Man wearing a hat with card stating "Bread or Revolution"

Man wearing a hat with card stating "Bread or Revolution" at the IWW (Industrial Workers of the World) rally in Union Square, New York City on April 11, 1914 - Library of Congress, Prints and Photographs Division


By Steve Thornton

Free Speech in America? For working people in the early 1900s, this right was gravely restricted. Until workers and their unions fought for it—in the courts and in the streets—the First Amendment was an illusion for many Connecticut citizens.

In 1791, a sufficient number of states approved the Bill of Rights, which guaranteed that Congress could not infringe on the right of free speech or assembly (our state was not among those voting). But in practice, ordinary people could not speak on public property unless they won explicit permission from local authorities.

Laws Used to Suppress Union Movement

Hartford’s Amalgamated Trades Union wanted to use Bushnell Park for a mass meeting in 1884. The Board of Aldermen approved the rally. The Mayor vetoed the Board’s action. Special meetings were called to reject the veto and uphold the union’s request. “The general argument was that the park belonged to the people,” the Hartford Courant reported.

Despite that democratic sentiment, local authorities’ right to limit rallies or speeches on public property was affirmed by a US Supreme Court ruling (Davis v. Massachusetts) in 1897 when a reverend challenged a Boston law. The Court wrote that the Constitution “does not have the effect of creating a particular and personal right in the citizen to use public property in defiance of the Constitution and laws of the state.”

For the next four decades, local Connecticut activists suffered the consequences of that decision. Enforcers frequently targeted groups, including unions, suspected—rightly or wrongly—of being aligned with socialist or communist politics. In 1904, for example, union organizers were arrested for violating Torrington‘s “hand-bill law” when they distributed leaflets. In 1912, socialist Cornelius Foley tried to speak in downtown Hartford but was denied permission, forcing him to a corner where hustlers hawked medical cures and novelties. In 1914 another socialist began to talk in front of Parson’s Theater but was interrupted by a police officer. The soap-box orator was charged with breach of peace for speaking in public without a license.

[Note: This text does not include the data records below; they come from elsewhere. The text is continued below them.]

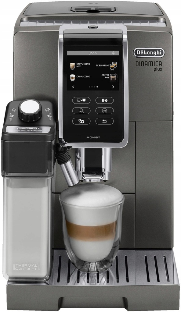 Автоматична еспресо-машина ECAM 370.95.T була розроблена, щоб задовольнити всі очікування поціновувачів кави, автоматична еспресо-машина Dinamica Plus ECAM 370.95.T вражає своєю функціональністю , елегантний дизайн і простота використання та обслуговування. Інтуїтивно зрозумілий і повністю сенсорний 3,5-дюймовий кольоровий дисплей дозволяє запрограмувати каву вашої мрії, а завдяки 3 персоналізованим профілям кожен член сім'ї може зберегти свій напій. Спеціальна програма De'Longhi Coffee Link дозволяє підключитися до кавоварки через телефон, щоб вибрати улюблений напій, зберегти власний рецепт і зручно керувати пристроєм. Для повної зручності обслуговування кавоварка має систему автоматичного очищення та видалення накипу, а її окремі елементи легко демонтуються та можна мити в посудомийній машині.
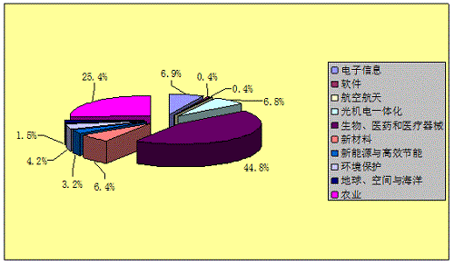 按所属高新技术领域分布。在769项应用技术成果中,有721项属于高新技术领域,占93.8%,较上年比较增加117项。其中电子信息领域50项,占高新技术领域的6.9%;软件领域3项,占0.4%;航空航天领域3项,占0.4%;光机电一体化领域49项,占6.8%;生物、医药和医疗器械领域323项,占44.8%;新材料领域46项,占6.4%;新能源与高效节能领域23项,占3.2%;环境保护领域30项,占4.2%;地球、空间与海洋领域11项,占1.5%;农业领域183项,占25.4%。在上述应用技术成果中,生物、医药和医疗器械领域的科技成果最多,所占比例较大,其次是农业领域的科技成果,有48项属于非高新技术领域(见图4)。
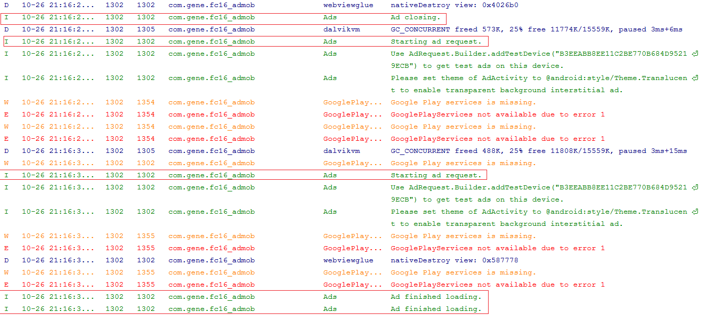 10-11 21:33:51.749 19409-19439/ W/Ads﹕ There was a problem getting an ad response. ErrorCode: 0
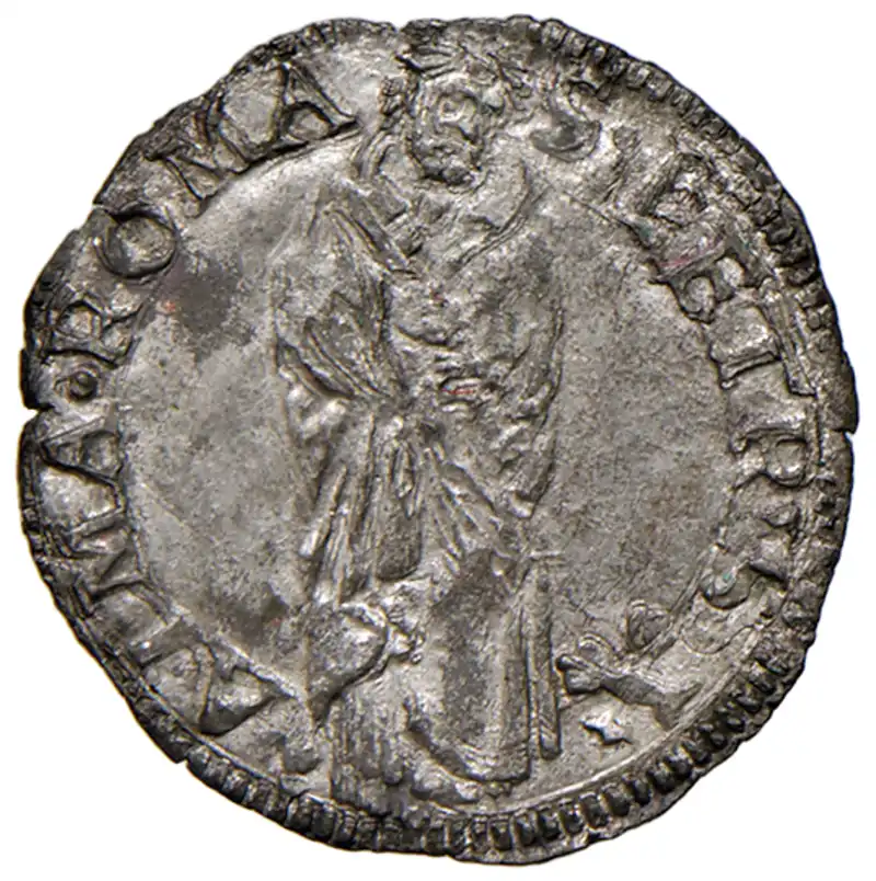 Clemente VII (1523-1534). Roma. Quattrino (segno Giacomo Balducci) MI gr. 0,73. Muntoni 72. Berman 855. MIR 815/1. Raffinato conio di Benvenuto Cellini. Molto raro. Piena argentatura d’epoca, q.SPL
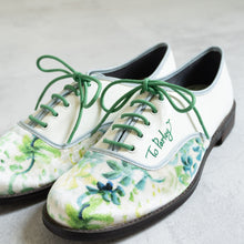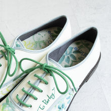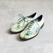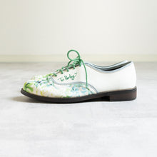 草たちの幻想的で儚い雰囲気の水彩画をベルベットにプリント。さらにサイドに本革を使用することによって落ち着いた一足になっています。憂いな雰囲気でありながらも存在感のある大人のスタイルに。
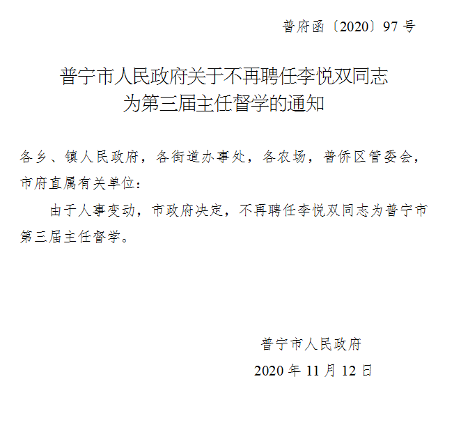 普寧市人民政府關(guān)于不再聘任李悅雙同志為第三屆主任督學(xué)的通知

Workers Use Civil Disobedience Tactics

The Industrial Workers of the World (IWW), popularly known as the Wobblies, devised a strategy to win the freedoms that the law denied them. The radical union mounted “free speech fights” wherever authorities banned their organizing efforts. They defied local laws and filled the jails, forcing local governments to go broke or give in. Despite the terrible hardships they faced in jail, the Wobblies compelled cities from Spokane to San Diego to rescind legal prohibitions.

In Willimantic, IWW organizer J.T. Bienowski threatened to bring in dozens of other union activists to challenge a 1912 city ban on street speaking. He didn’t have to follow through on the threat: a month later 500 workers crowded Lincoln Square to hear Wobbly Ben Legere speak for over an hour with no police interference. In Bridgeport and Waterbury, however, IWW organizers defied similar city ordinances and paid the price.

In 1919 the Connecticut General Assembly enacted laws aimed at the IWW. Long jail sentences could be imposed for speaking in a “disloyal, scurrilous or abusive manner,” addressing 10 or more people in a way that could “injuriously affect” the state government, or carrying a red flag.IWWLAbel

Not until 1939 did the US Supreme Court validate one of the basic concepts of free speech as we now know it. Again, a union championed the change. After the IWW was effectively disrupted by the government, the Congress of Industrial Organizations (CIO) took up the cause of America’s workers. In New Jersey, the CIO challenged political boss Frank Hague who, in 1937, had banned public union meetings by invoking a city ordinance that barred the assembly of persons seeking to obstruct government by unlawful means. The Court ruled that the use of public places was “a part of the privileges, immunities, rights and liberties of citizens.”

Although the ruling did not acknowledge past abuses of workers’ freedom of assembly, the First Amendment was finally becoming a reality for a greater number of citizens. And eventually, our state followed suit. In 1939, 150 years after its original passage, Connecticut finally ratified the Bill of Rights.

Steve Thornton has been a labor union organizer for 35 years and writes on the history of working people.